We can see that our ridge regression model performs quite well on our training data, and there is an overlap between actual sale price (on train data), predicted train sale data, and predicted test sale data is quite
Support Vector Regression
We also used Support Vector Regression (https://www.saedsayad.com/support_vector_machine_reg.htm) with a radial-based kernel and used five-fold cross-validation to optimize the hyperparameters epsilon, cost, and gamma. Much like any other regression technique, the goal of support vector regression is to minimize the amount of error. Gamma is similar to K in K-nearest-neighbors, with a small value of gamma taking global information into account, and a large value of gamma taking local information into account. The cost parameter is similar to lambda in the previously-mentioned Ridge, Lasso, and Elastic Net models and dictates the influence or size of the error term. The epsilon parameter controls the epsilon-insensitive region, which defines the margin of tolerance where there is no penalty associated with observations within the region. Hyperparameter optimization gave an optimal epsilon of 0.1, cost of 10, and gamma of 0.001, resulting in a Kaggle score of 0.12079.
Gradient Boosting Regression
Gradient Boosting Regression is an ensemble model which builds successive decision trees. While each individual tree is a weak learner (does not perform well on test sets), successive trees attempt to correct for these shortcomings by fitting to the residuals of the previous tree. Using five-fold cross-validation and a learning rate of 0.05, we found our optimal number of estimators to be 2000 (total number of boosting stages) and our optimal depth of each tree to be 2 (2 nodes), giving a Kaggle score of 0.12348.

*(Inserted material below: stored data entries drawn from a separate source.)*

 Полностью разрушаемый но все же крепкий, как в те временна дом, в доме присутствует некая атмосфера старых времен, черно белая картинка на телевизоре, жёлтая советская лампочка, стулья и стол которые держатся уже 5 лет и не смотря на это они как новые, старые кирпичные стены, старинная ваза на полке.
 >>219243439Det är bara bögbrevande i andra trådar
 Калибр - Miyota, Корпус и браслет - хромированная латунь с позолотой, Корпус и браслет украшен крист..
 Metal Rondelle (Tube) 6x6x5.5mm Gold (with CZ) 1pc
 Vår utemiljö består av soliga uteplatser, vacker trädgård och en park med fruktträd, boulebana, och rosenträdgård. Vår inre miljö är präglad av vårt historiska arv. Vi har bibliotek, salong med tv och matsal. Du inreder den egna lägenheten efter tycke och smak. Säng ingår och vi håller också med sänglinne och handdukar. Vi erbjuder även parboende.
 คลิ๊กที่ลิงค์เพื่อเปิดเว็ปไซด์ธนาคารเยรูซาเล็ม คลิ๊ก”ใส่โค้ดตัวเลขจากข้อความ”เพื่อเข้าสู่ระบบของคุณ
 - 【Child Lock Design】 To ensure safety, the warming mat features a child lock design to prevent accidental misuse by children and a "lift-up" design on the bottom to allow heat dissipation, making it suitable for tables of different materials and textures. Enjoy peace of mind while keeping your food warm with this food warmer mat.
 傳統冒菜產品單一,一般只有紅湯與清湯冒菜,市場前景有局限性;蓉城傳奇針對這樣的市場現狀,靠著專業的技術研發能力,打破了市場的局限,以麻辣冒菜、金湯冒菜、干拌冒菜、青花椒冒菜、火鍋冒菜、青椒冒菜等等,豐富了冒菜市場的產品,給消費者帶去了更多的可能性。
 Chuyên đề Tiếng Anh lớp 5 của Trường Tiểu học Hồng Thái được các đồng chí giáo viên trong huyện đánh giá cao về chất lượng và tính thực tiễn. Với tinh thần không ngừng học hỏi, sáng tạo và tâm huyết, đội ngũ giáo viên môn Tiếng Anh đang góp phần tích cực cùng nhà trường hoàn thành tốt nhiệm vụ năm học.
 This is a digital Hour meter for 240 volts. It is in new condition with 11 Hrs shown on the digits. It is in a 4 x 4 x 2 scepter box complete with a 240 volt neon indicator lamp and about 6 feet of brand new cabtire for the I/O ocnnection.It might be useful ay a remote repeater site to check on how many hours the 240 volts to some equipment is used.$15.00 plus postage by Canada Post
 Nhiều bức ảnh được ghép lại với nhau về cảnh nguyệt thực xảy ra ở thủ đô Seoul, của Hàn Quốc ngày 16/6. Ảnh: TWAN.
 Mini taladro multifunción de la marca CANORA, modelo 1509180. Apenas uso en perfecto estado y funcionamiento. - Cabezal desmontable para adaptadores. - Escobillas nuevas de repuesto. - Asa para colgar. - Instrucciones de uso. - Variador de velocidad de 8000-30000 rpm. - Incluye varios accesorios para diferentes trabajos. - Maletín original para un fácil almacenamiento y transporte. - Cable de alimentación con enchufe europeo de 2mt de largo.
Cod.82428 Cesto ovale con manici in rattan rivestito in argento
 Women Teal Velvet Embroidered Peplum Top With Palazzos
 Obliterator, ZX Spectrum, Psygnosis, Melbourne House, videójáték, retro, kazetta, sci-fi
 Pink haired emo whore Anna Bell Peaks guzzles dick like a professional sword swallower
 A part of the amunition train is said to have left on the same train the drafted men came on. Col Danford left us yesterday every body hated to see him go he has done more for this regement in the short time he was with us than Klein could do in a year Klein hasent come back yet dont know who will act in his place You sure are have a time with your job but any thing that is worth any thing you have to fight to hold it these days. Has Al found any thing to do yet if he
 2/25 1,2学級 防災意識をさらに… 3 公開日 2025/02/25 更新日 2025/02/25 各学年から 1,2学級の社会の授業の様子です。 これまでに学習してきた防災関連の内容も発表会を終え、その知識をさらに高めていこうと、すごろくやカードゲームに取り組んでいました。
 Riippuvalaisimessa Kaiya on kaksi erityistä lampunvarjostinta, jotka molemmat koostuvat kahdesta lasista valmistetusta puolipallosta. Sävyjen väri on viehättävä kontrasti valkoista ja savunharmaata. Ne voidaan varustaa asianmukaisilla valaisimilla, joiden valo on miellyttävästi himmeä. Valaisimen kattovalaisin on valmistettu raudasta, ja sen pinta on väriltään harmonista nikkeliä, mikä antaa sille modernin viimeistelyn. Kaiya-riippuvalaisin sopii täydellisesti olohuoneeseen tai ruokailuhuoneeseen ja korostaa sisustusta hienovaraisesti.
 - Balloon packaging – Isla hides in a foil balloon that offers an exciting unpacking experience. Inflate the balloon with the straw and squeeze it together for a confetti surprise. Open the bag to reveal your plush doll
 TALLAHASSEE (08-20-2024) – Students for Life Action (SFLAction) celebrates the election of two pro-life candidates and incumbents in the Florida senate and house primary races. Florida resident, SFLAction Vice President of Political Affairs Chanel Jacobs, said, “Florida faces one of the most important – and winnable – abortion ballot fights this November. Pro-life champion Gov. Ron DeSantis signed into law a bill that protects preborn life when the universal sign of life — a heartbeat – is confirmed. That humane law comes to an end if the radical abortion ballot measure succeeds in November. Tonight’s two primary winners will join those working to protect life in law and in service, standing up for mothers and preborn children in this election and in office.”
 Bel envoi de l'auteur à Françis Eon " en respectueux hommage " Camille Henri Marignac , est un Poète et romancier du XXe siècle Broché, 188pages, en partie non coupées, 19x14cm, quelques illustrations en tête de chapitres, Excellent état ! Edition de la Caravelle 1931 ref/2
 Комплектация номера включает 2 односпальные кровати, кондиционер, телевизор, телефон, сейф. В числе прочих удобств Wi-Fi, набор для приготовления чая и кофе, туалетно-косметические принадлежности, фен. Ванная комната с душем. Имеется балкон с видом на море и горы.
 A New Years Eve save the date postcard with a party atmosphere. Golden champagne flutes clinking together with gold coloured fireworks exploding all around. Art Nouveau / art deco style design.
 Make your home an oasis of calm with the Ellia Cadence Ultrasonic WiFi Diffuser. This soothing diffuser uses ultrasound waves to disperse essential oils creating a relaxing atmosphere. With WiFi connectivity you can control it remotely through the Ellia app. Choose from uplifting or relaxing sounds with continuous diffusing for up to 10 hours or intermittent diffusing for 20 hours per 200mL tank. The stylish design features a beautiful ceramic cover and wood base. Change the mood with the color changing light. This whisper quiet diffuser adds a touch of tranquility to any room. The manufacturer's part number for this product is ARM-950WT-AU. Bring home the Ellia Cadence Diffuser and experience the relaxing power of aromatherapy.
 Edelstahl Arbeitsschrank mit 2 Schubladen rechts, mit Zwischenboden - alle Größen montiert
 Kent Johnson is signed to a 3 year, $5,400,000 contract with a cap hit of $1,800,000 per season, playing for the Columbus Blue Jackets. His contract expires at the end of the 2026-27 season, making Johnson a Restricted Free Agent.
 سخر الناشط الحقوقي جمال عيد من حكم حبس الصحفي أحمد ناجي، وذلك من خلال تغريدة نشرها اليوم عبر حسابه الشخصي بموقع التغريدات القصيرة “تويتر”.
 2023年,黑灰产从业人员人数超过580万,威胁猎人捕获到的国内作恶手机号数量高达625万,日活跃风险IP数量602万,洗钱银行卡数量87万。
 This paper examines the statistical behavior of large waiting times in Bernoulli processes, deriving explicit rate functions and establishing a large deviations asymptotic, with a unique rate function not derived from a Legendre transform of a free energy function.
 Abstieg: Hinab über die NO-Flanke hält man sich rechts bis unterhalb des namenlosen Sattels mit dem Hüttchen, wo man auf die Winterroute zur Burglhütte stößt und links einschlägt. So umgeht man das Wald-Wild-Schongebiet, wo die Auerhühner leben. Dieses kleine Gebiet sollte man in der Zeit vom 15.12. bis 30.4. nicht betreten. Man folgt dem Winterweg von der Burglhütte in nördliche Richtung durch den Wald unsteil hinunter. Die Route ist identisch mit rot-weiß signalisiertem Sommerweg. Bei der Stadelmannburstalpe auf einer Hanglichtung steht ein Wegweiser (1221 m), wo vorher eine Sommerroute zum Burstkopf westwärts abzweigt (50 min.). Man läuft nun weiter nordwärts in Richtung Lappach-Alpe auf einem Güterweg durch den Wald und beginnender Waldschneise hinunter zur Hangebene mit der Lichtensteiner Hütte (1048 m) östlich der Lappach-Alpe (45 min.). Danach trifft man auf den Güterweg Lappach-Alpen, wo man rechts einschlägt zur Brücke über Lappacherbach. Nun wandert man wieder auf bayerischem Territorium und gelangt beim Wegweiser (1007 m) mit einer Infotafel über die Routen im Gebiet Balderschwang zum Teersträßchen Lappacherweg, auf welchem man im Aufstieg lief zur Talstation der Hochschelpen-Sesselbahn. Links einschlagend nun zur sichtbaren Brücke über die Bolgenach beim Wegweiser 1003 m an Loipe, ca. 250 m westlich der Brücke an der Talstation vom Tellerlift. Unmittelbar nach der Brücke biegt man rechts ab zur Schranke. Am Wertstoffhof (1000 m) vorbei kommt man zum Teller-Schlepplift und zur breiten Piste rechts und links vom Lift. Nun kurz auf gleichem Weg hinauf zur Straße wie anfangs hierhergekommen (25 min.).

Gradient boosting regression selected 152 features to be important in the prediction model, with TotalSF, KitchenQual, OveralQual, and Baths (unsurprisingly) being selected as some of the top features.
Finally, we generated a model based on the average prediction (https://en.wikipedia.org/wiki/Ensemble_averaging_(machine_learn ing)) of Ridge, Lasso, Elastic Net, and Gradient Boosting Regression, figuring that the errors made by each individual model may be mitigated when weighted on average, and found that this model actually had the best Kaggle RMSE of 0.11973.
In general, ridge regression seemed to outperform the other models with feature engineering, while support vector regression gave us our best individual score by inputting all features without engineering.
Some ways that we can create a more accurate predictive model are (1) to carefully choose feature engineering to remove more multicollinearity and create stronger predictor variables, (2) to identify outliers and be mindful when deciding to remove them, (3) to tune more hyperparameters (i.e. testing a polynomial kernel for SVR), and (4) try stacking, ensembling, and weighing models in various ways.